Rachel Weisz acaba por ser uma escolha certa para o papel de Lipstad, ela que tem herança judaica por parte do pai, sendo coadjuvada pelo sempre irrepreensível Tom Wilkinson, no papel do seu diligente advogado de defesa, e ainda com Timothy Spall como David Irving.
Apesar de inevitavelmente preso aos códigos do filme desta natureza, Negação eleva-se acima dos clichés do género para se focar em algo que é óbvio para quase todos, mas que transporta o problema para o foro da verdade jurídica, portanto provada. Ao colocar de lado o trauma – isso está tudo no seu livro, justifica a certa altura a Deborah o solicitador britânico Anthony Julius (Andrew Scott), responsável pela condução da investigação processual – adquirem assim outra relevância as provas periciais que refutam as alegações negacionistas da obra de Irving. Seguramente um filme com a nota de mitigar as irresistíveis ascensões nacionalistas? Talvez, mas sem o resultado que muitos desejavam.
Seja como for, em face da necessidade de defender a verdade acima de tudo, tropeçamos necessariamente no trabalho da judia alemã Hannah Arendt e a sua controversa justificação do conceito “do dever massificado” gerador da “banalidade do Mal” para, de alguma forma, centrar a atuação do “funcionário zeloso” nazi Adolf Eichmmann, um dos principais obreiros do Holocausto. Seguramente, um diálogo comunicante entre dois processos judiciais (e aqui não precisamos sequer de recordar Nuremberga).
Mesmo que esta procura da verdade não seja suficiente para tornar um filme bem intencionado numa obra-prima, ao colocar o acento tónico nessa necessidade desapaixonada de encontrar provas efectivas desses vestígios de genocídio, como que o iliba das frequentes rasteiras que normalmente descambam em filmes de causa, mas sem coração.
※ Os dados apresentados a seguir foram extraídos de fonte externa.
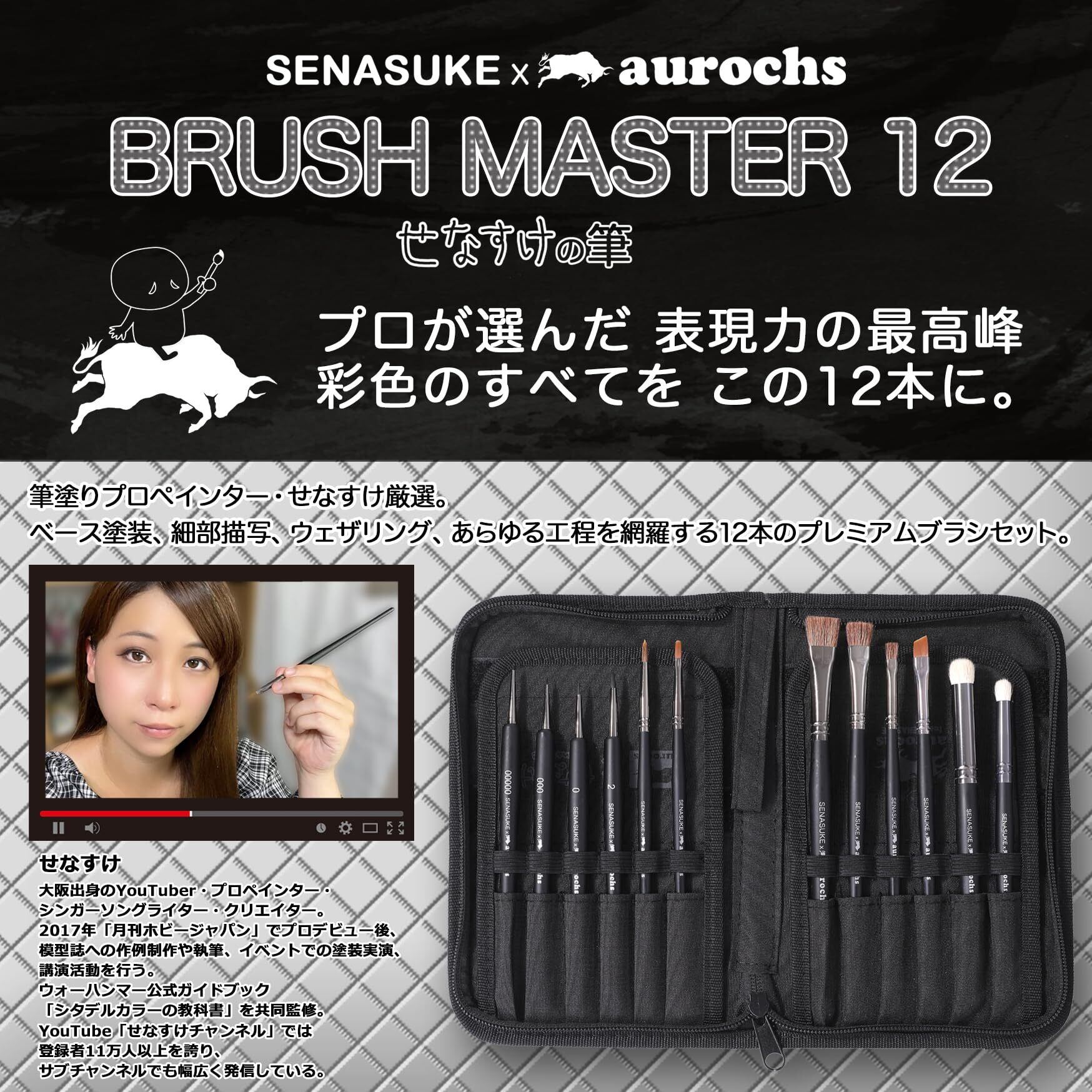 【新春セール】aurochs × SENASUKE BRUSH MASTER 12本セット プロペインターが選んだ究極の筆 細部描写 ウェザリング 塗装全工程に対応 せなすけコラボ ペイント プラモデル フィギュア 水彩画 アクリル画 日本画 デザイン ネイル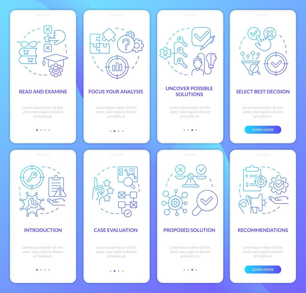 Case study structure and draft blue gradient onboarding mobile app screen set. Walkthrough 4 steps graphic instructions with linear concepts. UI, UX, GUI template Pro Vector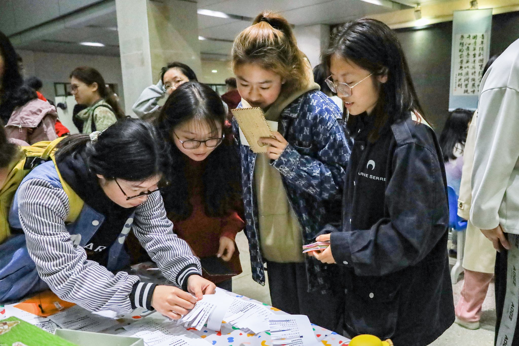 “众生庸俗,对未来敬祝,青苔吻上古木,拨开云雾,粉碎了人间行走的孤独。”作为解忧杂货铺摊位负责人,英语(师范)专业2021(3)班的赵雨欣化身为“一日诗人”,率先体验摊位上的拼接诗环节。她表示,每个人都是孤独的个体,但也是独特的个体,不用为现在担忧,只管向未来进发就好。“很喜欢今天的活动,能与大家一起在音乐中做游戏、放松心情。”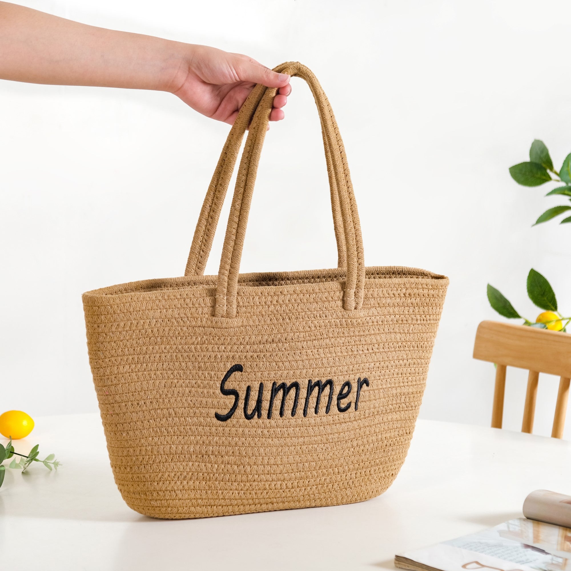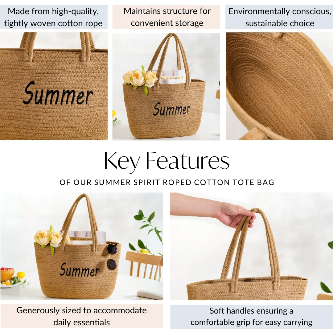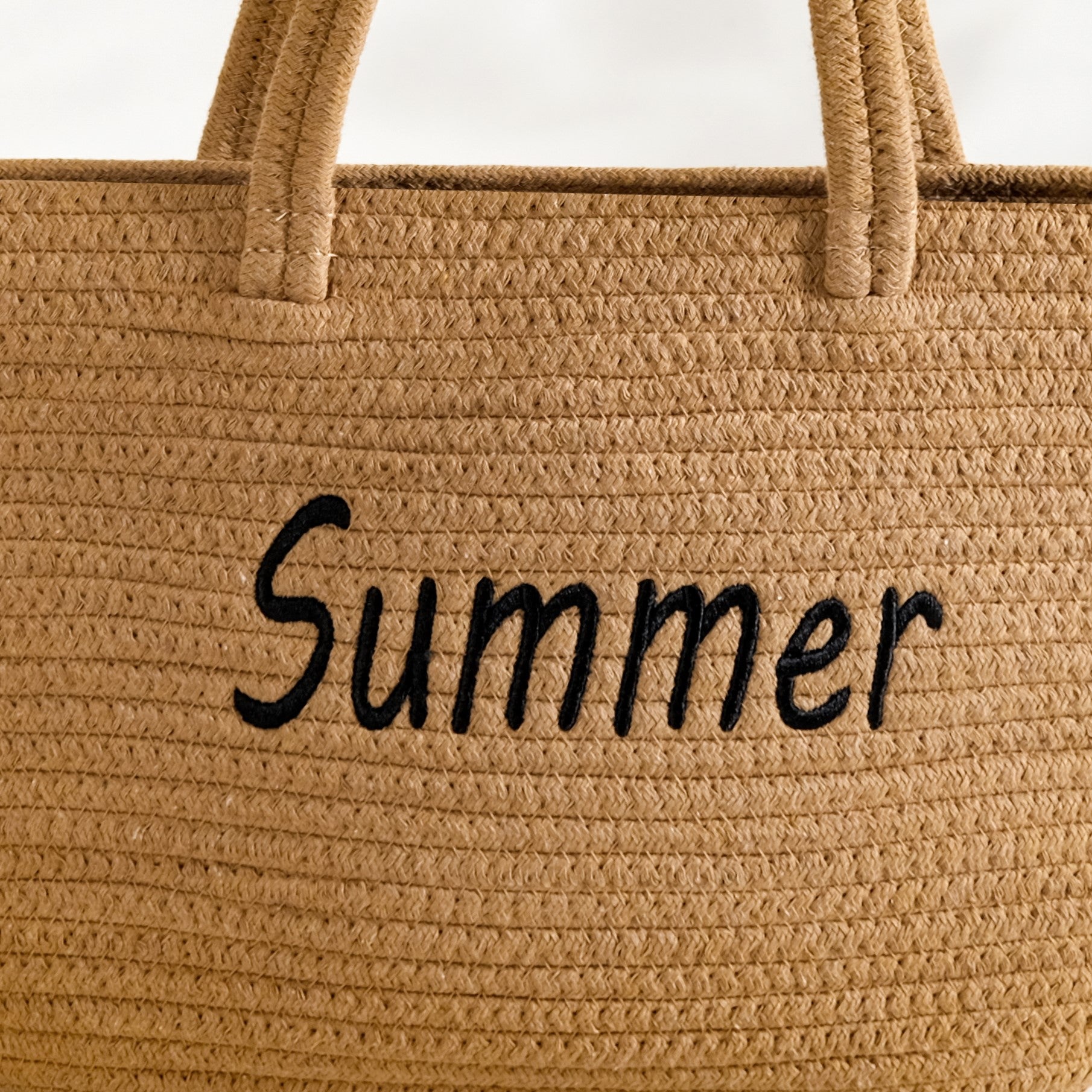 Design: Drenched in warm beige, this tote embodies the essence of sun-kissed adventures. The bold "Summer" embroidery adds a playful charm, making it the ideal statement piece for your seasonal wardrobe. Crafted with a tightly woven, roped cotton texture, the bag exudes a natural, rustic appeal while ensuring durability. The intricate rope pattern enhances its artisanal beauty, while the sturdy twin handles provide both function and fashion.

É claro que esta causa é imbatível para o povo judaico. Mesmo que não seja um povo totalmente isento de mácula. Quiz o destino que ao tentar entrar no site da Agenda Cultural de Lisboa, na notícia referente à Judaica 2017, para confirmar alguns dados, que percebemos que a página havia sido bloqueada por hackers argelinos que deixaram o seguinte comentário: “Algeria with Palestine unjust or oppressed , we will free palestine”. Hoje, quarta-feira, já estava ‘libertada’. Não deixa de ser paradoxal esse ataque a afirmar a “negação” de direitos ao povo palestino.